> **GOAL OF THE EXERCISE**
For the records shown below, return an exact copy that excludes the pictures.

> **INFORMATION SUPPLIED**
/---

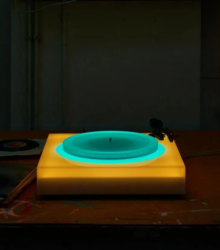De koning van de ambient muziek Brian Eno komt met wel een heel bijzonder kerstcadeautje op de proppen zetten: een lichtgevende platenspeler. Naast muziek maken is de Brit ook een visual artist. Ook wel bekend voor zijn prachtige kaleidoskopische light boxes. In diezelfde trant maakte hij nu deze LED-verlichte platenspeler, die van kleur veranderd als je er een ander plaatje oplegt. Echt een prachtig ding, maar wees er snel bij want er zijn er maar een stuk of vijftig.
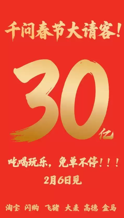 千问 App 砸 30 亿开启春节免单活动
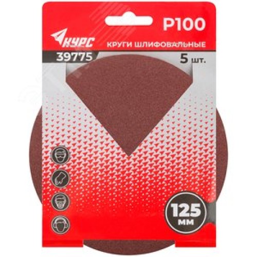 Круги шлифовальные сплошные (липучка), алюминий-оксидные, 125 мм, 5 шт Р 100
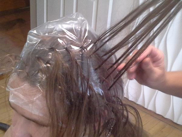 Расчесываем волосы и надеваем шапочку так, чтобы она плотно села на голову. Через отверстия специальным крючком или острым концом расчески вытягиваем пряди волос. Наносим краску на пряди и оставляем на время, необходимое для экспозиции состава, после чего смываем теплой водой.
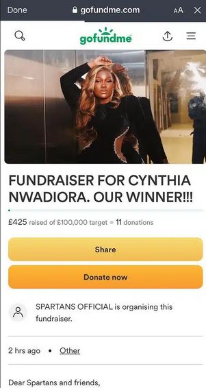 Fans of the star, on the other hand, have set up a GoFundMe account to raise about N100 million for her, as they described her as their winner.

\---

> **RESULT**
De koning van de ambient muziek Brian Eno komt met wel een heel bijzonder kerstcadeautje op de proppen zetten: een lichtgevende platenspeler. Naast muziek maken is de Brit ook een visual artist. Ook wel bekend voor zijn prachtige kaleidoskopische light boxes. In diezelfde trant maakte hij nu deze LED-verlichte platenspeler, die van kleur veranderd als je er een ander plaatje oplegt. Echt een prachtig ding, maar wees er snel bij want er zijn er maar een stuk of vijftig.
 千问 App 砸 30 亿开启春节免单活动
 Круги шлифовальные сплошные (липучка), алюминий-оксидные, 125 мм, 5 шт Р 100
 Расчесываем волосы и надеваем шапочку так, чтобы она плотно села на голову. Через отверстия специальным крючком или острым концом расчески вытягиваем пряди волос. Наносим краску на пряди и оставляем на время, необходимое для экспозиции состава, после чего смываем теплой водой.
 Fans of the star, on the other hand, have set up a GoFundMe account to raise about N100 million for her, as they described her as their winner.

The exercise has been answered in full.